2. Description of the Related Art
Semiconductor devices to which a high voltage is applied, such as nonvolatile memories, logic circuits mixed with nonvolatile memories and drive circuits in output stages for liquid crystal driver ICs require a high withstand voltage and a low on-resistance. Therefore, transistor elements provided in such semiconductor devices also require a high withstand voltage, and so far, various types of high voltage transistors have been developed. In particular, high voltage transistors require a long gate length for securing a withstand voltage against punch through and a low concentration impurity diffusion areas as a drift (electrical field buffering) area, and thus, the size naturally becomes much greater than that of low voltage transistors. Various technologies for reducing the scale of high withstand voltage transistor devices have been proposed and exist as the prior art (see for example Japanese Unexamined Patent Publication No. H2 (1990)-15476 (hereinafter referred to as well-known Document 1)).
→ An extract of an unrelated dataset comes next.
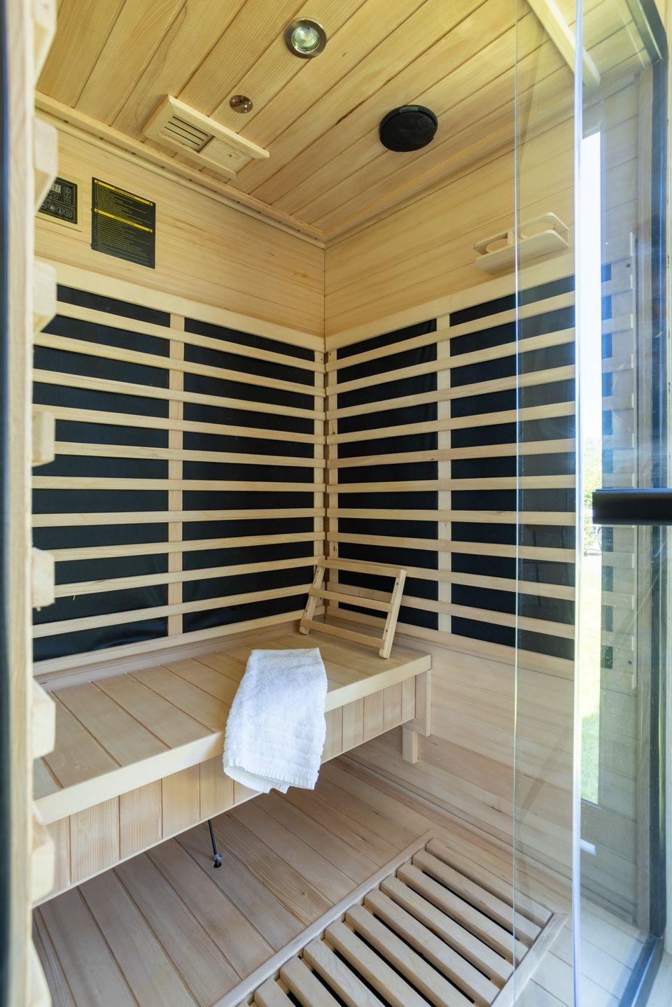 Krûswetter Lodge is een vakantiehuis geschikt voor twee personen. De woning is gelijkvloers en heeft een sfeervolle woonkamer met een comfortabele loungebank, fauteuil en televisiehoek met LED televisie. De eethoek biedt een ruime tafel met comfortabele stoelen en de open keuken met bar is volledig uitgerust met een 4-pits inductiekookplaat, combimagnetron, vaatwasser en een royale koelkast met vriesvak. De slaapkamer is voorzien van een luxe boxspring met topper en een ruime kast. De badkamer heeft een regendouche en een elektrische sauna voor extra ontspanning. Buiten geniet je op het zonnige zuidwestgerichte terras met comfortabele buitenfauteuils, piknicktafel en een parasol.

FIG. 6 is a schematic cross sectional diagram showing the structure of the high voltage transistor element disclosed in well-known Document 1. In accordance with the manufacturing steps for this high voltage transistor element, first an element isolation insulating film 106 is formed in a predetermined area on an N-type semiconductor substrate 101, and a trench 109 having a predetermined length and depth is created. Next, a gate oxide film 107 and a gate electrode 105 are grown along the inner wall of the trench 109 and etched so as to have predetermined gate dimensions, and after that, a source diffusion area 102 and a drain diffusion area 103 are formed through ion implantation of a P-type high concentration impurity, and furthermore, an electrical field buffering area (pinch resistance layer) 104 is formed on the inner wall of the trench 109 on the drain 103 side through ion implantation of a P-type low concentration impurity. The electrical field buffering area 104 is formed along the inner wall of the trench 109 on the drain diffusion area 103 side.
By providing the configuration shown in FIG. 6, the gate electrode 105 and the electrical field buffering area 104 can be formed on the left and right side walls, respectively, of the trench 109 in the semiconductor substrate 1. As a result, both the length of the source diffusion area 102 and that of the drain diffusion area 104 can be reduced, and thus, the scale of the semiconductor device can be prevented from increasing as a whole, to a certain degree.
In the case of the method described in well-known Document 1, however, it is necessary to process the gate electrode 105 in such a state that the gate electrode has a step, and therefore, high-precision processing is difficult, and there is a possibility that the yield may become lower. In addition, it is also extremely difficult to make a contact connection to the gate electrode 105 having a step, and therefore, the process cannot be said to be realistic.
Furthermore, in the structure in FIG. 6, the channel area is formed in a location lower than the element isolation insulating film 106 on the semiconductor substrate 101, and therefore, the electrical field buffering effects at the ends of the channel area become very small, and thus, the possibility of the withstand voltage lowering and a leak pass being created becomes extremely high.